Updated 2007-05-09 13:21:30 by wdb

CMcC 9May07 - this is the code I used to repair the wiki from history.

Can someone advise as to why it mucks up unicode in titles?

   package require Mk4tcl
   package require fileutil

   encoding system utf-8

   set dbf [lindex $argv 0]
   set histdir [lindex $argv 1]

   foreach f [glob -tails -directory $histdir *] {
    if {[string match .* $f]} {
        continue
    }
    lassign [split $f -] id date who
    if {![info exists diffs($id)]
        || $date > [lindex $diffs($id) 0]
    } {
        set diffs($id) [list $date $id $who $f]
    }
   }

   mk::file open db $dbf

   foreach id [lsort -integer [array names diffs]] {
    #lappend repairs [lindex $diffs($id) 1]
    lassign $diffs($id) date id1 who f
    set content [split [fileutil::cat -encoding utf-8 [file join $histdir $f]] \\n]
    set title [lindex $content 0]
    set content [join [lrange $content 4 end] \n]
    if {$id >= [mk::view size db.pages]} {
        set title [string trim [lindex [split $title :] 1]]
        puts "adding $id '$title'"
        mk::row append db.pages name $title page $content date $date who $who
    } else {
        puts "modding $id"
        mk::set db.pages!$id page $content date $date who $who
    }
   }

   mk::file commit db
   mk::file close db

wdb Just a try -- as far as I understand, meta stores ASCII only -- perhaps it makes sense, before write to db, the unicodes convert in Tcl conventions such as \u004f, and after read back, perform a subst -novariable -nocommand $title?

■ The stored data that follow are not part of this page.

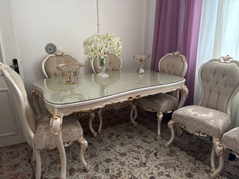 میز ناهار خوری 6 نفره با کیفیت چوب عالی کاملا نو هست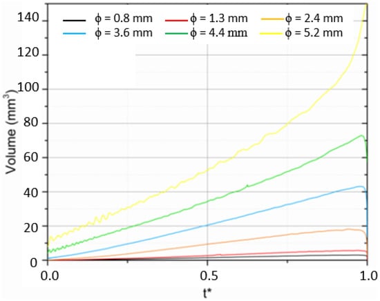 As expected, the values of the height of the centroid of the bubbles at departure were higher for the bubbles nucleated in the larger superhydrophobic spots. However, there were some inconsistent centroid height values during the formation of the bubbles in the different superhydrophobic regions. These discrepancies may have arisen from the developed MATLAB code. The plot in Figure 12 presents the evolution over time of the mean volume of the bubbles.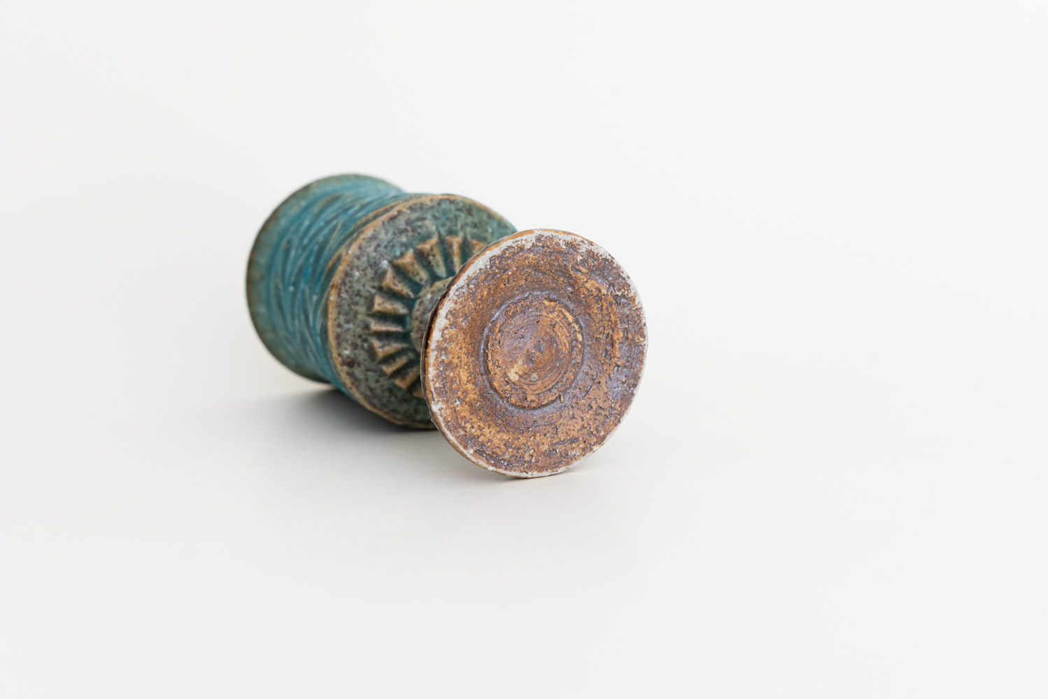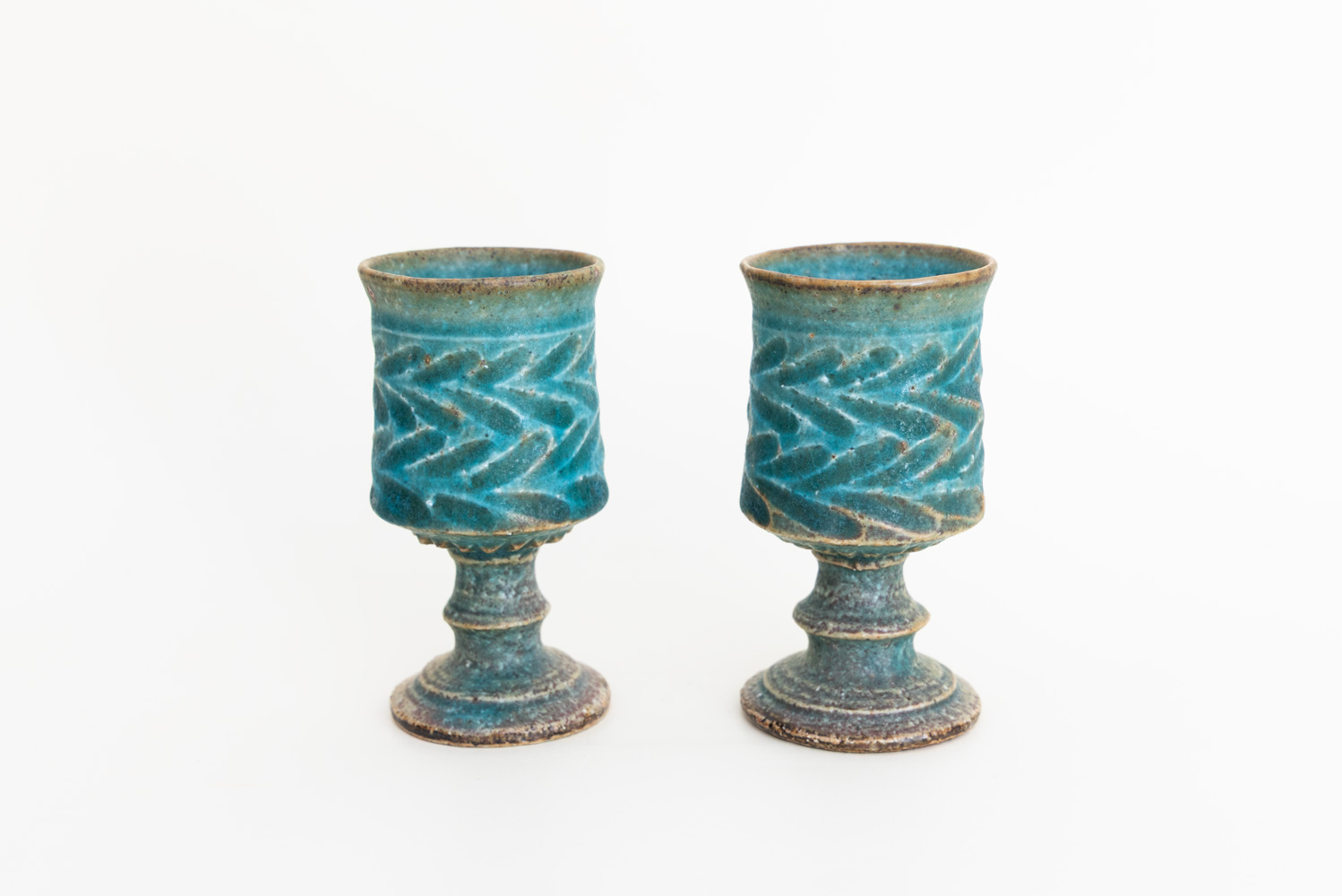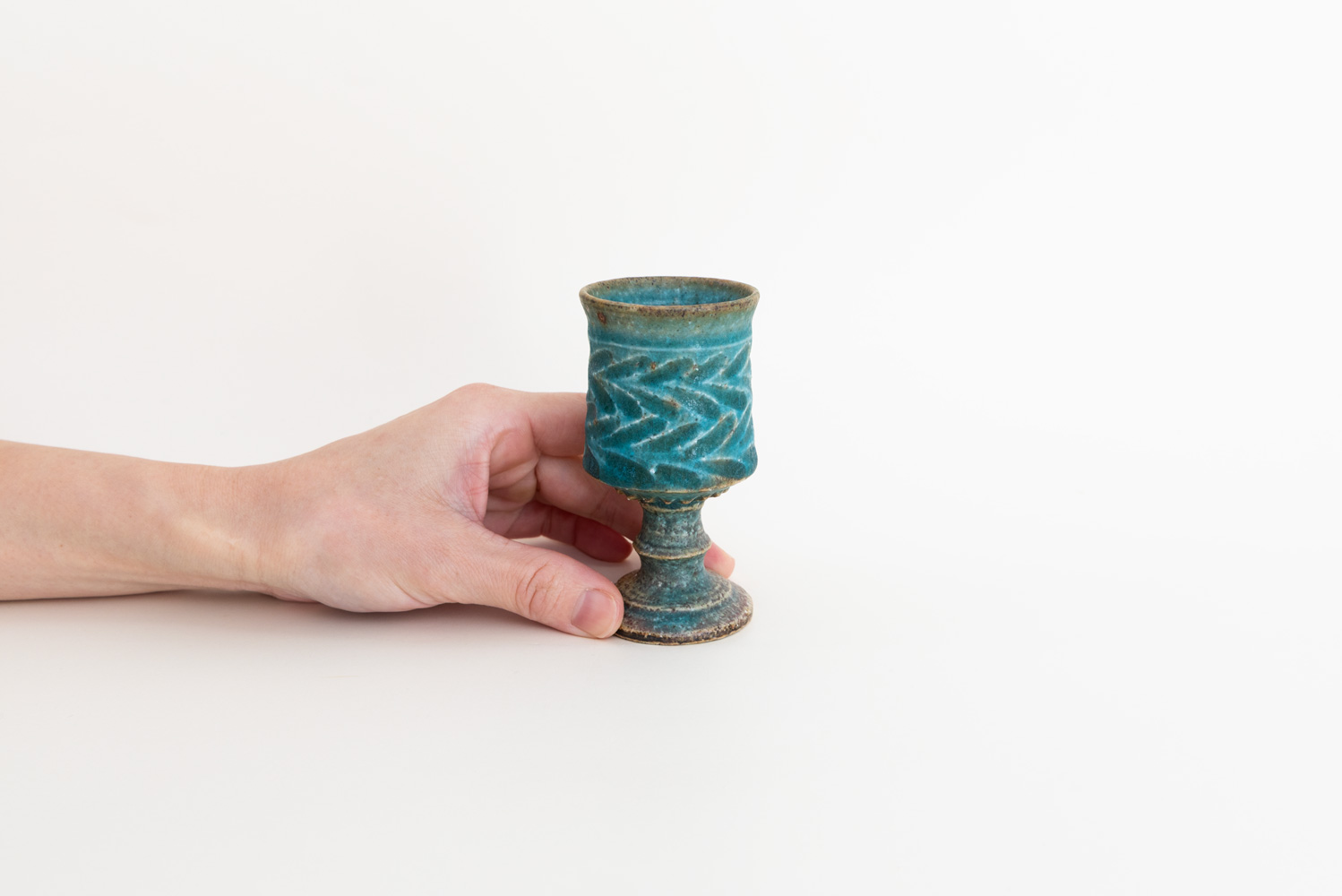 小さいサイズのゴブレットです。細部のデザインが洗練された作品です。足の部分は削り出して作られており、削るタイミングは絶妙な粘土の乾き具合でないと難しいそうです。ぐい呑と同じようなサイズなので日本酒にもどうぞ。

EMJ Page contents have also been mucked up - see e.g. http://wiki.tcl.tk/18008 which I had fixed not long ago - and it also seems to have changed its page number (was 18012). Also if you look at http://wiki.tcl.tk/_ref/17213 you will see many pages listed which do not actually contain such a reference - I edited a couple, which forced them of the list, but most of them do not contain the reference and are still there.